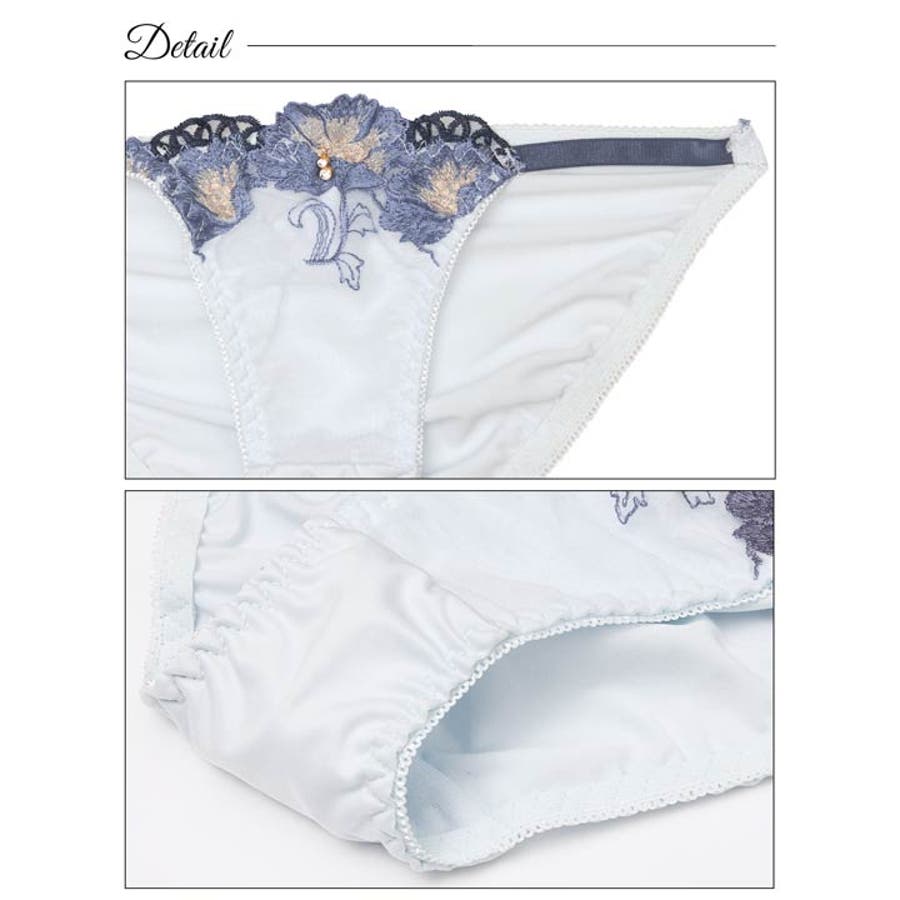 カップ上辺に咲き誇る大輪のフラワー刺繍が美しく印象的なランジェリー。
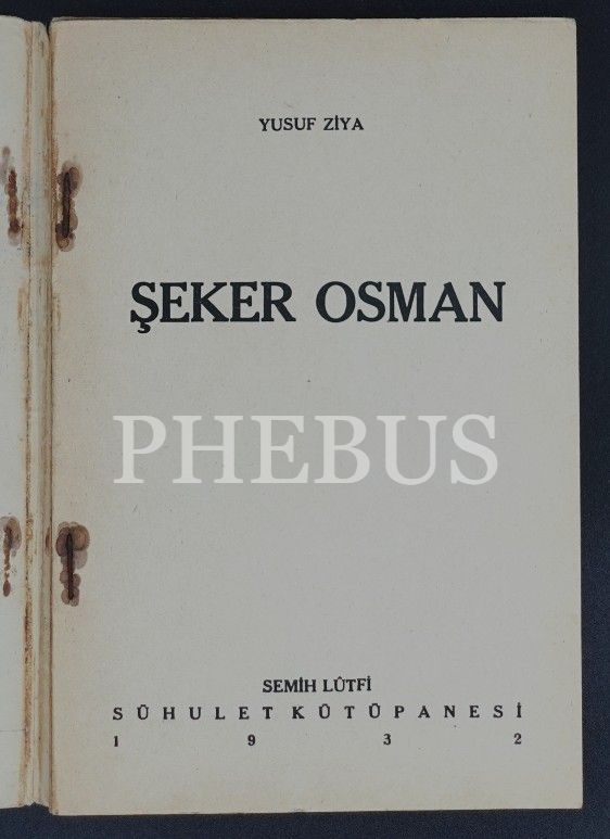 ŞEKER OSMAN, Yusuf Ziya, 1932, Sühulet Kütüphanesi, 59 sayfa...
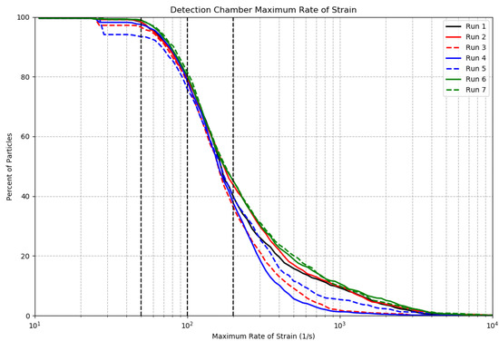 For low rates of strain (below 50 ), Run 3 and Run 5 deviated from the baseline run. Analysis of particle paths (not shown here), demonstrated that this discrepancy can be attributed to particles that settle in the detection chamber, with the percent of particles settling proportional to the mass of the particles. Rate of strain plots in all regions show that some particles experience very high rates of strain, in some cases well over 1000 . This can be attributed to the interaction of a small percentage of the particles with the boundary layer in each region, where strain is very high compared to the surrounding flow due to the considerable velocity gradient near the wall.
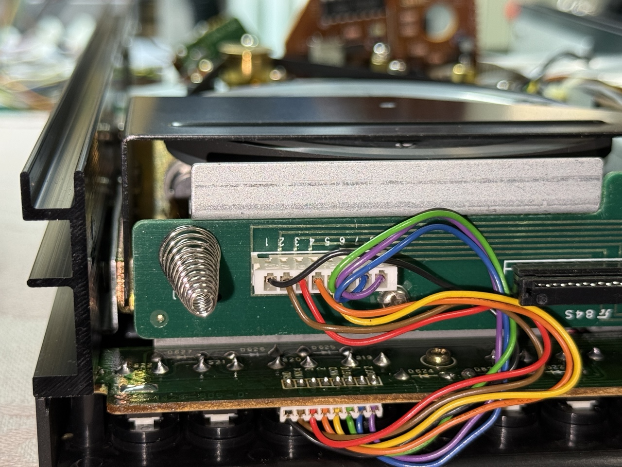 Die Anleitung unter "Atelier-Reihe wichtig" hatte ich studiert. Leider musste ich zum Entfernen besagter teerartiger Masse doch mehr Teile entfernen, um die Schwungmasse vom Capstan auszubauen.
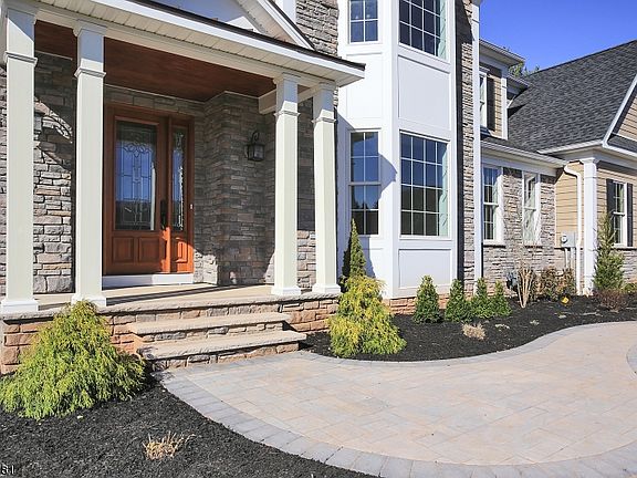 Luxury, new construction by Fallone Builders. Custom center hall colonial perched on 2.2 rolling acres in Bernardsville. No detail loverlooked! 5 bedrooms including a 1st floor en-suite guest bedroom, 4.5 bathrooms, 2 story Family Room with gas fireplace, sun room, chef-inspired kitchen with walk-in pantry and 1st floor laundry. Master suite includes sitting area with gas fireplace, bonus room, walk-in closet and gorgeous Master Bath. Over-sized space in the basement to be finished, rear staircase off kitchen, 3 car garage, beautiful two-story foyer and custom millwork throughout the entire home! Added a good sized patio with hot tub. Move-in Ready!
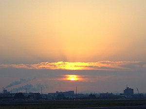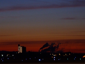 しごと中、朝焼けがあまりにもすごいのでデジカメで撮ってみたんだけどいざ家のパソコン上で画像を開いてみるとその美しさの百分の1も再現できてなかった。
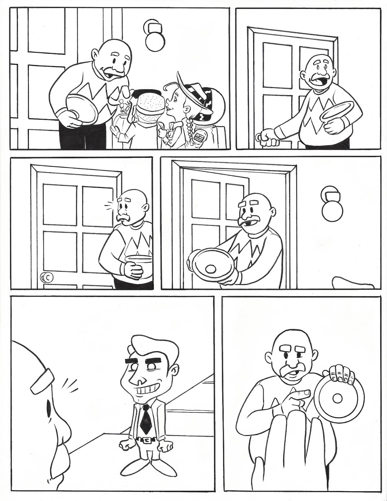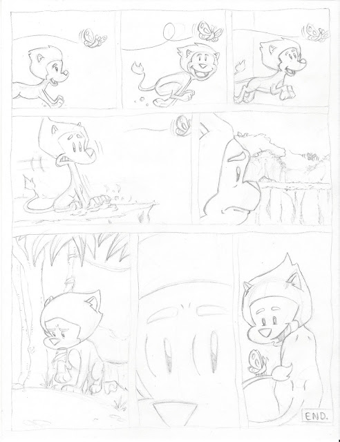 2. I really wanted this to have an animated look to it, so I decided early on that only the two characters would have black outlines, with all of the backgrounds having a painted look to them. I decided the best way to do this was to fully pencil the pages, scan them to Photoshop and do the rest (inking and coloring) digitally. In hind-sight, there's probably a better way to do it, but what can you do...
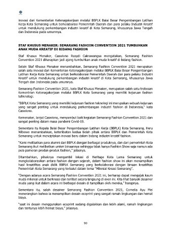 Selain Staf Khusus Menaker menambahkan, Semarang Fashion Convention 2021 merupakan
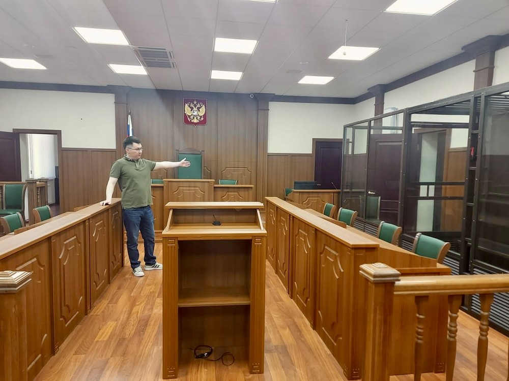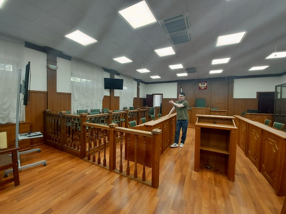 Помощник председателя судебной коллегии по уголовным делам Верховного суда Республики Калмыкия Мушаев Дмитрий Истяевич подробно рассказал об особенностях расположения сторон обвинения и защиты в зале, системе нумерации присяжных заседателей, а также показал комнату, где присяжные принимают свои решения. Особое внимание уделили техническому оснащению зала: в частности, телевизорам, которые используются для просмотра видеосъемки, представляемой в качестве доказательств, видеокамерам, и др.
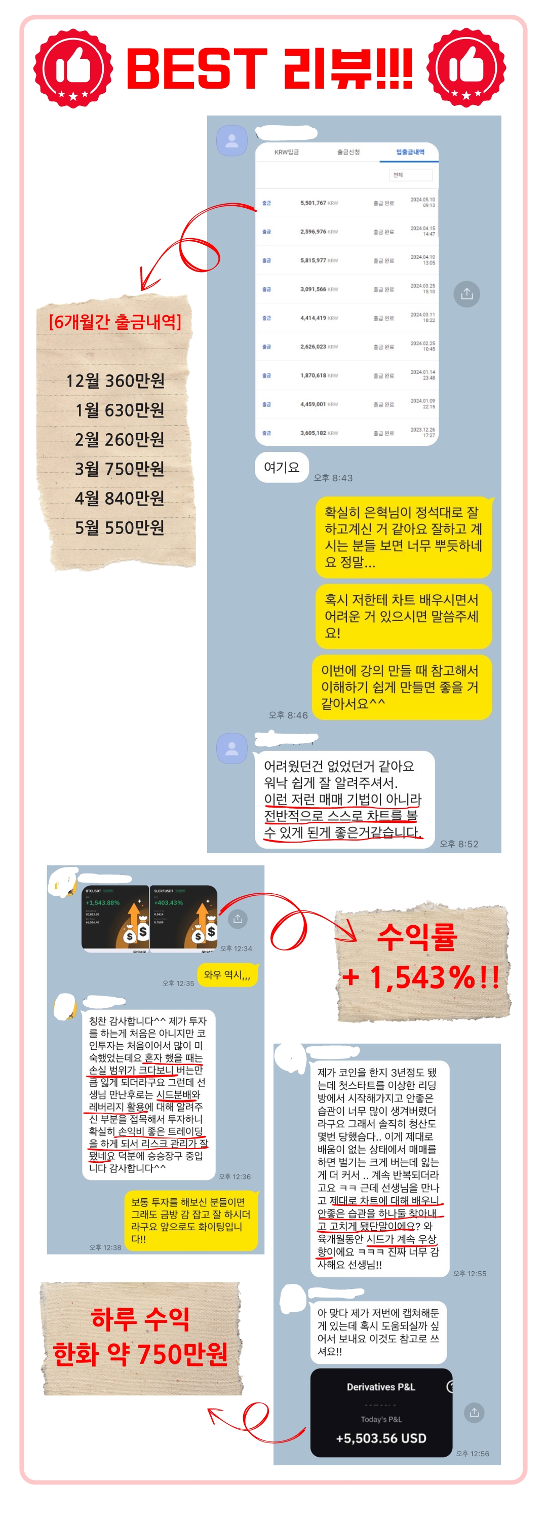 테스터 수강생들의 최근 6개월 수익률입니다.
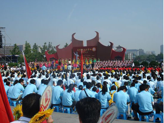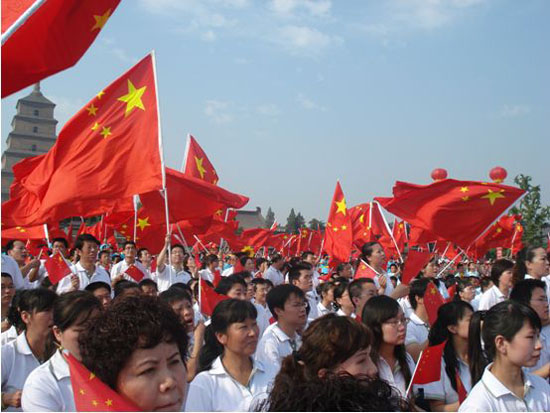 (本网讯)为迎接祖国60周年华诞,努力构建和谐社会,7月12日,由中共中央宣传部、中央文明委等10部委主办的中央电视台《激情广场》栏目 “爱国歌曲大家唱”群众歌咏活动在西安大雁塔北广场隆重举行,IM在线40余名师生在团委组织下参与了此次活动
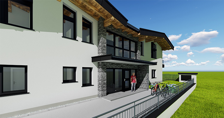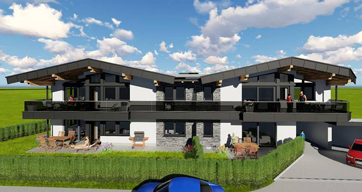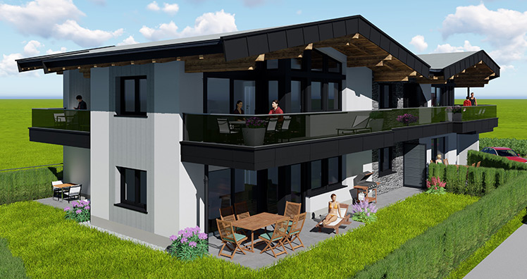 Ein Reihenhaus ist die größte Variante dieses Neubaus und südwestlich ausgerichtet. Für diese Option werden zwei Tops zu einem Reihenhaus vereint.

TASK INSTRUCTIONS
Exactly and only the lines from the one holding "테스터 수강생들의 최근 6개월 수익률입니다." through the final line of the material must be returned, both ends included, without any pictures.

OUTPUT OF THE TASK
 테스터 수강생들의 최근 6개월 수익률입니다.
 (本网讯)为迎接祖国60周年华诞,努力构建和谐社会,7月12日,由中共中央宣传部、中央文明委等10部委主办的中央电视台《激情广场》栏目 “爱国歌曲大家唱”群众歌咏活动在西安大雁塔北广场隆重举行,IM在线40余名师生在团委组织下参与了此次活动
 Ein Reihenhaus ist die größte Variante dieses Neubaus und südwestlich ausgerichtet. Für diese Option werden zwei Tops zu einem Reihenhaus vereint.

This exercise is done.